Nor is there mention in the Budget of the $400m needed by the University of Tasmania for deep restructuring. This is a dreadful omission by the Federal Government which fails to understand how this project could help turn around the Tasmanian economy and greatly bolster the community, especially in disadvantaged areas.

UTas also remains at serious risk from the Federal Government’s continuing intention to deregulate tertiary education. This will increase the cost of fees for students and that will hit disadvantaged students especially hard. And it will call into question the viability of the Burnie and Launceston campuses which are currently cross-subsidised by the Hobart campus. UTas and many other universities will also have to weather the substantial cut to the Sustainable Research Excellence grant program.

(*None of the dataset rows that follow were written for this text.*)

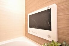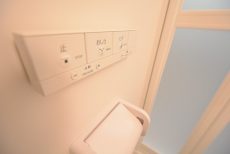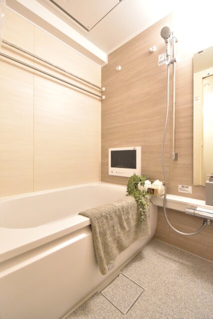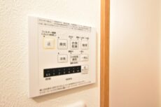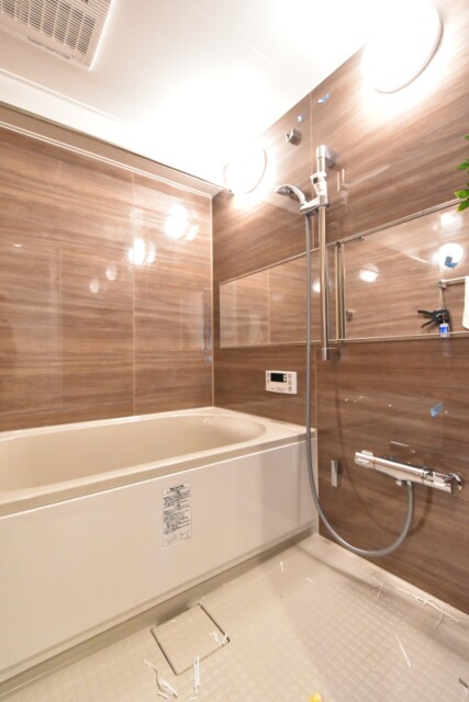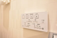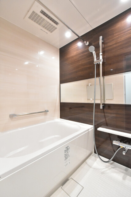 追い炊き機能付浴室です。寒い冬は少し時間がたつとお湯も冷めてしましますが追い炊きできれば熱々のお湯に浸かることができますね。ブラウンのアクセントパネルがとてもシックです。ついつい長湯してしまいそうです~風呂蓋も壁にかけられスッキリです。
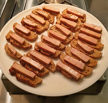 L’apéritif commence par des petites tranches de foie gras mi- cuit posées sur du pain aux céréales qui accompagnent le Champagne Lanson Red Label 1964 qui se présente dans la belle bouteille en forme de quille. Le bouchon est venu en deux morceaux car la torsion l’a cisaillé. Le champagne est d’un bel or acajou clair, la bulle est active. Ce champagne est une explosion de fruits exotiques. Il projette ses complexités comme en un feu d’artifice. C’est un champagne joyeux, dynamique et impressionnant par son fruit généreux et ces complexités innombrables. Une poutargue bien grasse n’apporte pas la continuité gustative qu’offre le foie gras.
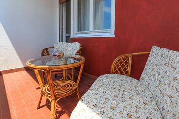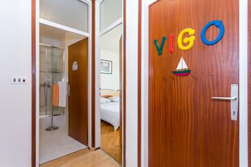 Ferienwohnung bietet Platz für 5 Gäste. Die Betten sind in Schlafzimmern, die es 3 gibt, innerhalb einer Gesamtfläche von 77m2, angeordnet. Die Gäste haben einen eigenen Balkon zur Verfügung, auf der sie in warmen Sommernächten genießen können.

Funding for CSIRO and AAD seems to be holding up. But this is disappointing because both organisations have suffered significant shortfalls and cuts, under this and the previous federal government, and are in desperate need of much greater funding.

A problem remains with federal funding for public dental services in Tasmania. Money for adult services has been extended by 12 months, but it is only 12 months which means continuing uncertainty, while money for child services will reduce over time due to a change to its indexation.

On a positive note the federal funding for the Hobart Airport runway extension is in the Budget.

Nor does a first analysis of the Budget show an adverse outcome for medical research and the Menzies Institute for Medical Research in particular, nor call into question the final $70m contribution towards the rebuild of the Royal Hobart Hospital.